Daljit Uppal, who used to work at Aldersley High School in Wolverhampton, had the ban imposed at a teacher’s disciplinary panel.
It comes in the wake of a conviction for fraud which led to her being jailed.
Uppal, also known as Daljit Kaur, billed the school for 1,000 scarves which were reportedly bought from India for £6.50 each.
However, she in fact bought the scarves from a Wolverhampton company and only paid the company £2,200 – leaving £4,300 for her to pocket herself.
In a decision taken on behalf of Education Secretary Justine Greening, Uppal has been banned from ever teaching again on the basis of her dishonesty.
The ban follows a National College of Teaching and Leadership (NCTL) disciplinary hearing in Coventry and was imposed by Alan Meyrick, deputy director of the NCTL.
Uppal, 43, was sentenced at Wolverhampton Crown Court to an eight-month jail sentence, ordered to pay £4,300 compensation or serve a consecutive three months in default of payment and pay a £100 victim surcharge.
The panel’s findings say her behaviour could impact on public confidence in teachers.
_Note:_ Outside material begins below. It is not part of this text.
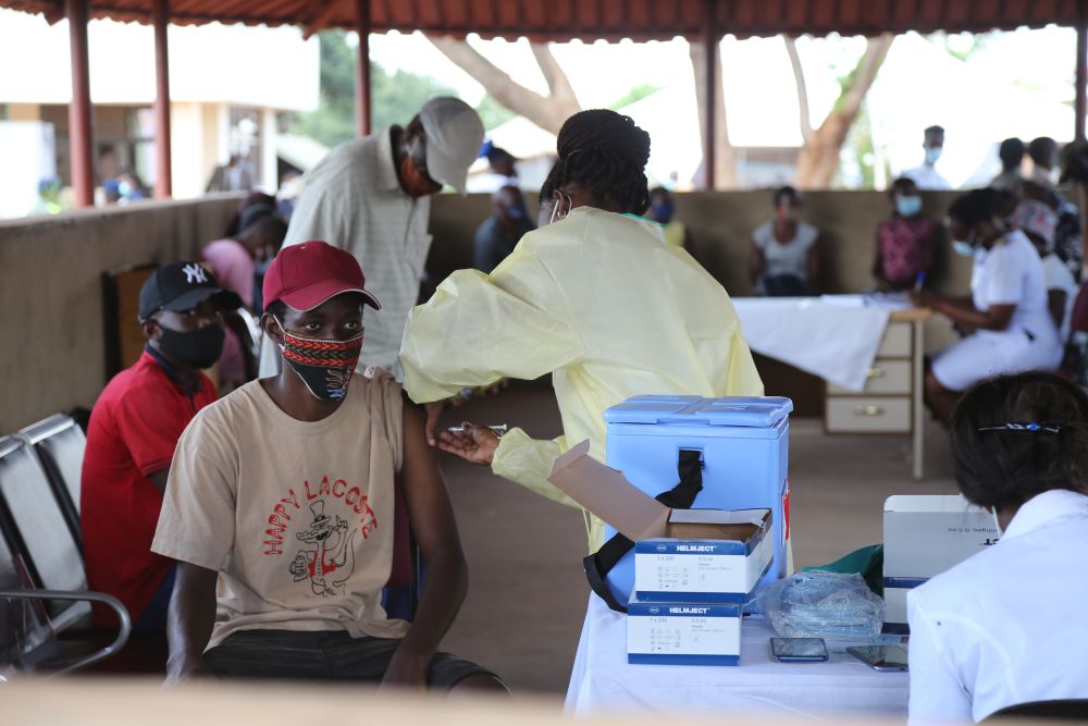 3月24日,一名男子在津巴布韦维多利亚瀑布城一家医院接种中国国药集团新冠疫苗。(新华社发,陈雅琴摄)

She was taken on at the school in 2010 as assistant head teacher for numeracy and resigned in August 2015.
A report of the panel’s findings said: “She misused the school’s money and appears to have intended to make a personal gain from this.”
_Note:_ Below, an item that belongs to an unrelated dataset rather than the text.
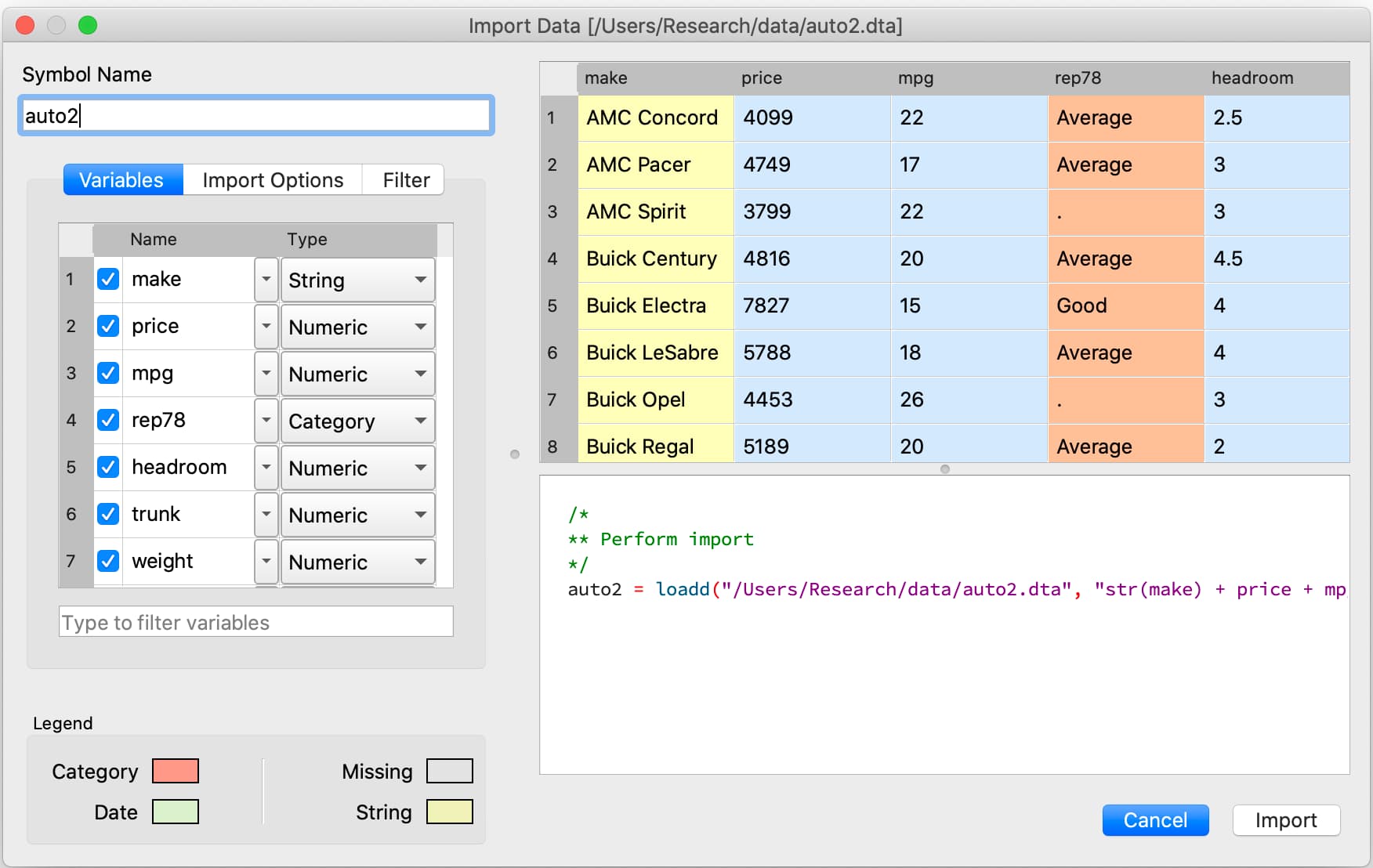 - Keep Metadata: If checked, the data will be imported as a dataframe with variable names and column type information (category, date, numeric, string). Otherwise the data will be imported as a matrix or string array.

Recommending that there should be an indefinite ban the panel said: “We are of the view prohibition is both proportionate and appropriate.
“The panel has decided the public interest considerations outweigh the interests of Ms Uppal.
“The seriousness of the offence, fact that it occurred in an education setting, and Ms Uppal’s initial attempt to cover it up when questioned by her colleagues were significant factors in forming that opinion.
“Accordingly, the panel makes a recommendation to the Secretary of State that a prohibition order should be imposed with immediate effect.”
In many cases where bans are imposed on teachers the way is left open for them to seek to have the bans lifted after a set period – but this was not considered appropriate for Uppal.
Imposing the ban Mr Meyrick said Uppal’s offence involved ‘fraud and dishonesty’ on the part of a senior teacher.
It is open to Uppal, formerly of Greenock Crescent, Lanesfield, to mount a High Court challenge to the ban.